WHAT IS AMERICAN | THE WHOLE NOTE - REVIEW

The Whole Note

What is American - PUBLIQuartet - Bright Shiny Things

By: Cheryl Ockrant

What is American is the most recent album by the PUBLIQuartet and purposefully titles the work as either a question or a statement, a summons to rediscover the roots of classical European music that bind to American Indigenous and Black music. But the string quartet doesn’t stop there; though as a group they are found under “contemporary classical” they are known for their boundary-crossing genres, and the compositions are demanding of each performer’s skills in jazz, blues, improvisation, chopping, folk and swing.

Beginning with the inspired re-working of Dvořák’s “American” Quartet, an arrangement retracing the African Indigenous and Black roots of the music giving it a some- what ironic tone, to Vijay Iyer’s Dig the Say, a rich and rhythmically textured work in four movements dedicated to the music of James Brown and highlighting the group’s finely honed ensemble work. Each interpretation is outstanding. PUBLIQuartet has a knack for keeping to the score while playing freely and with joy.

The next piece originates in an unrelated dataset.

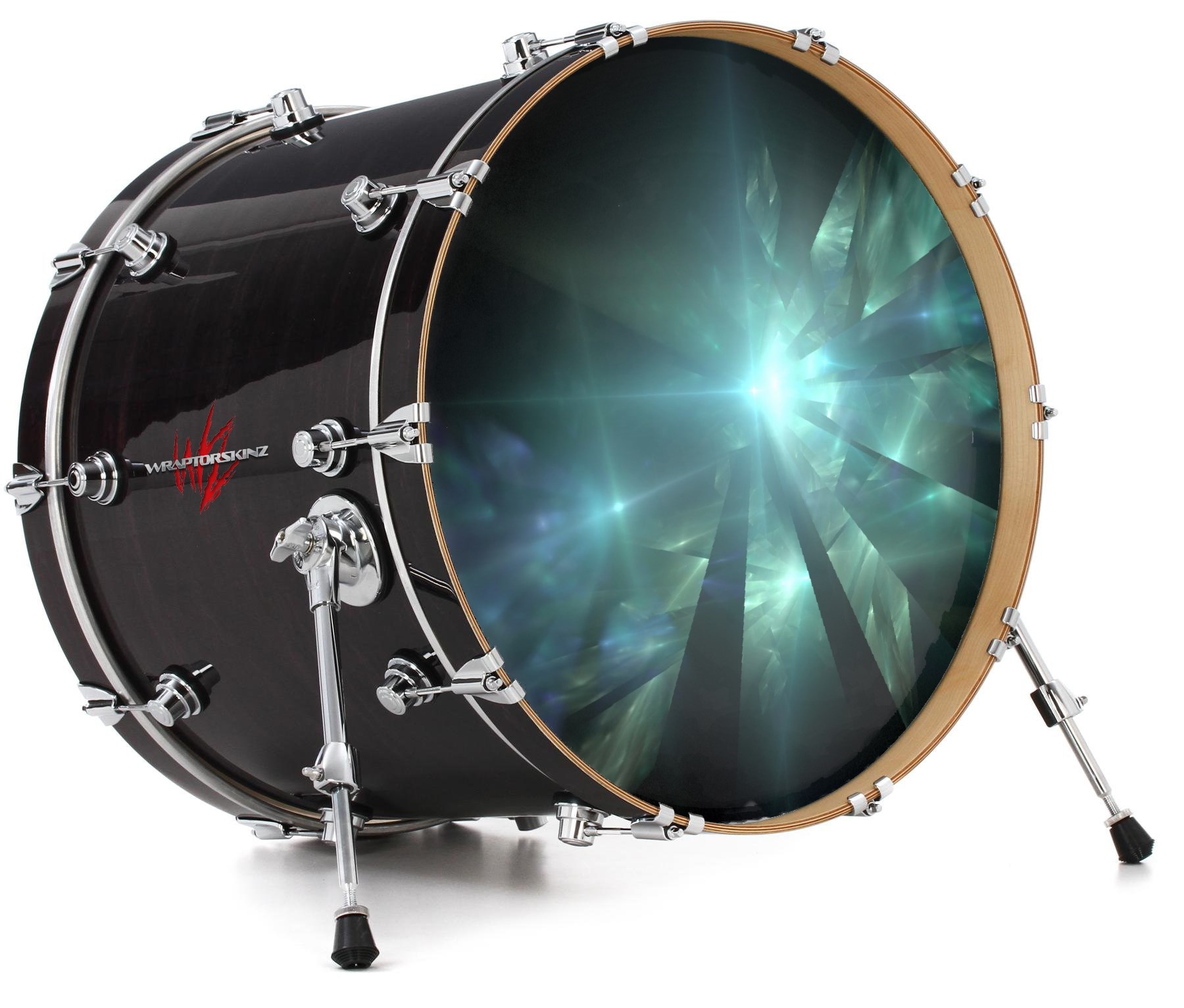 This design also available in other sizes. WraptorSkinz® skin wraps compatible with most kick drum heads. Printed using superb photo quality designs and vibrant colors printed with special fade resistant inks that last even in direct sun for years. WraptorSkinz are a composite three layer commercial grade materials vinyl. The bottom layer is a air release, grey block out removable adhesive that hides existing graphics on the drum head and is easily applied without air bubbles. The middle layer is a flexible vinyl printed with UV protected, fade resistant inks that deliver superb photo quality designs in vibrant colors. Finally, we bond a professional grade laminate over the entire skin adding a glossy protective finish.

What is American includes the world premiere recording of Roscoe Mitchell’s 2020 composition Cards, as well as a collection of four original compositions by the quartet from their MIND THE GAP series, further exploring improvisations on compositions by Ornette Coleman, Alice Coltrane, Ida Cox, Betty Davis, Tina Turner and Fats Waller. Rhiannon Giddens’ At the Purchaser’s Option, an emotional exploration of an 1830s newspaper advertisement selling a young Black woman, including her nine-month-old child “at the purchaser’s option” is powerfully arranged by the quartet and is both heartbreaking and dynamic. Take a moment to look up the actual ad to bring that piece home. It is followed by Pavement Pounding Rose exploring Waller’s Honeysuckle Rose as a tribute to Madam C.J. Walker and beautifully narrated by Walker’s great-great-granddaughter A’Lelia Bundles.

The track list for this album numbers 20, and a paragraph could be dedicated to each. The Fifth Verse, based on Oliver Wendell Holmes’ denouncing slavery in his writing of the unofficial fifth verse of the Star-Spangled Banner some 50 years after Key’s original, is then shadowed later in interrupted fragments that took my breath away, keeping the messaging on track like connective tissue to arms and legs. This album is dedicated to reminding us of our current culture, where we came from, and simultaneously hoping and fearing where we could be going.